I will grant that I have a very loose, extremely pliable system for deciding whether or not I am “on time” for all sorts of activities, most notably, work. I use this system to justify my internal argument that “oh, I’m still on time,” knowing full well that if the facts were presented to any other reasonable person, I would most likely not be judged so.

Let’s begin by using today as an example:
I have a meeting at 1 o’clock, so I decided I would go to lunch at 11:30, giving myself a little time back at my desk before said meeting.
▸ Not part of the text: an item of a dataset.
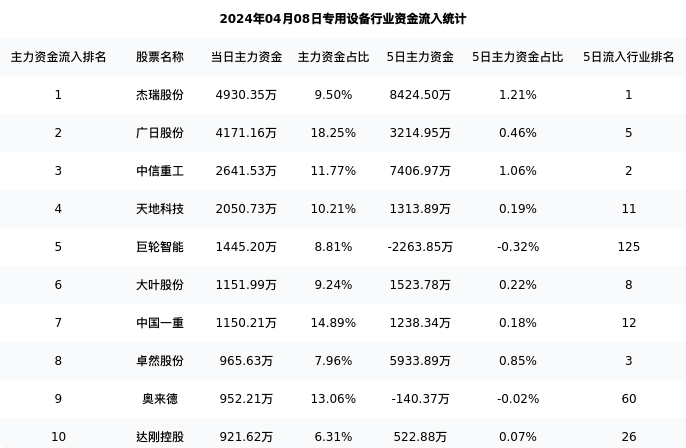 从主力资金流向来看,专用设备行业今日主力资金流入29.63亿元,在所有申万二级行业中排名:28/131。

An Outlook reminder went off and told me to go to lunch right at 11:30.


I was finishing an email and this took me until 11:32. Since it was past 11:30, the “time I left,” automatically gets rounded up to the next 5-minute mark (similarly, “leaving at 11:30” would constitute any time between 11:26 and 11:30).


Now the beautiful part here is that by leaving 2 minutes later, I actually bought myself an extra 8 minutes. Because, in addition to the 5-Minute Round Up, under this system a person is always on time if they arrive within 5 minutes of the scheduled time. Therefore, I could get back to work at 12:40 and still be “on time.” This also allows me to make it in to work by about 7:50 each morning and yes, still completely “on time.”
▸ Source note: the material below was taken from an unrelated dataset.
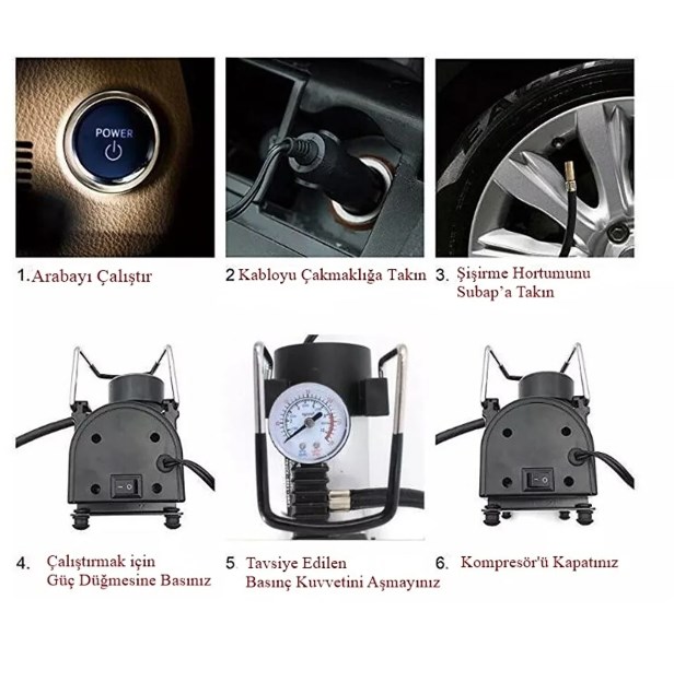 Hava Kompresörü; Üniversal bir üründür, 12V olan tüm marka ve model araçlarda çalışır.

The inherent fallacy of our timekeeping instruments can also be a benefit under this system. You see, the big clock on the wall in our office, by which I will always measure my punctuality, is about 3 minutes behind my computer clock, phone, etc. So, at 11:40 on my watch, it will only be 11:37 on the wall. You’d think this would just help me to be a little “early” on my return, but that’s not the case. A determination of 11:40 means 11:40 by whichever clock will give you the most favorable measurement. So, if I don’t have to be back until 12:40 on the wall clock, that means 12:43 by my watch. And, since :43 is past :40, you guessed it—the 5-Minute Rule. I “left” at 11:45, and back in 60 minutes-plus.


So I walked out the door at 11:33, and through some very simple and illogical reasoning, I bought myself an extra 12 minutes for my 60-minute lunch. And, 12 minutes just happens to be the same amount of time it takes me to walk home. Please feel free to exploit this system whenever you need to, and if necessary, even brand it as your own. It’s highly effective in an environment where no “clock punching” actually happens. It has been my experience, though, that a timeclock is not as forgiving as a confused supervisor.